# Plywood thickness for shop floor?



## Artfuldodger (May 18, 2011)

Hello, I've read a few post where members put 2×4's on concrete or dirt(like Bernie). Placing the joist on 16" centers, what thickness plywood should I use? If I don't use tongue & groove should i put cross pieces between the joist where the edge of the plywood will be. That way every edge of the plywood will be supported.


----------



## azal (Mar 26, 2008)

3/4 T&G would work quite well even extra shoring would help with sag. Over kill works,think what you will be puting on the floor,pounds per sq. ft.


----------



## Gregn (Mar 26, 2010)

I would use 3/4" plywood.
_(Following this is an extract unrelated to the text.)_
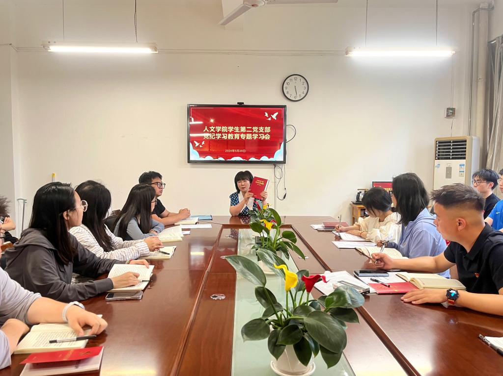 5月20日下午,人文学院学生第二党支部在博识楼1318会议室召开党纪学习教育专题学习会,会议由组织委员杨帆主持,人文学院党总支书记张晶、支部书记孟子祥、宣传委员王乐靖及支部全体学生党员参会。

If you use 16" centers your seams should fall on the centers the same for your cross supports. You could even use 12" centers if you wanted. Just be sure to use a grid work lay out to accommodate moving heavy machines around so it bears the weight equally no matter where you place heavy equipment.


----------



## bernwood (Aug 19, 2010)

Yes - 3/4" works well in my shop. And like Alan says, over kill on cross members works better then not enough. Greg is on the money 12". Sounds like these boys were in my shop. I do have lots of cross members and as your laying down the floor, wlak on the ends and notice the saging. prop up your ply as you go along. Be flexible in your work to avoid to much flex in your floor. Good luck


----------



## Finn (May 26, 2010)

I used 3/4" T & G plywood on 16", on center, 2×4's layed on concrete and it works well. I put extra 2/4's where I knew the heavy equipment would be. ( Like my table saw).


----------



## Artfuldodger (May 18, 2011)

Thanks for the advice. I'll check it with a level and shim as necessary. It might be awhile before I do it but I'm trying to get as much info. as possible. I just registered on this sight and really like it.


----------



## craftsman on the lake (Dec 27, 2008)

ditto what many above have said. Be sure to use tongue and groove flooring or you will have seams that are not supported where they cross over to the joints. If you use regular plywood you'd have to put a second floor over the subfloor.


----------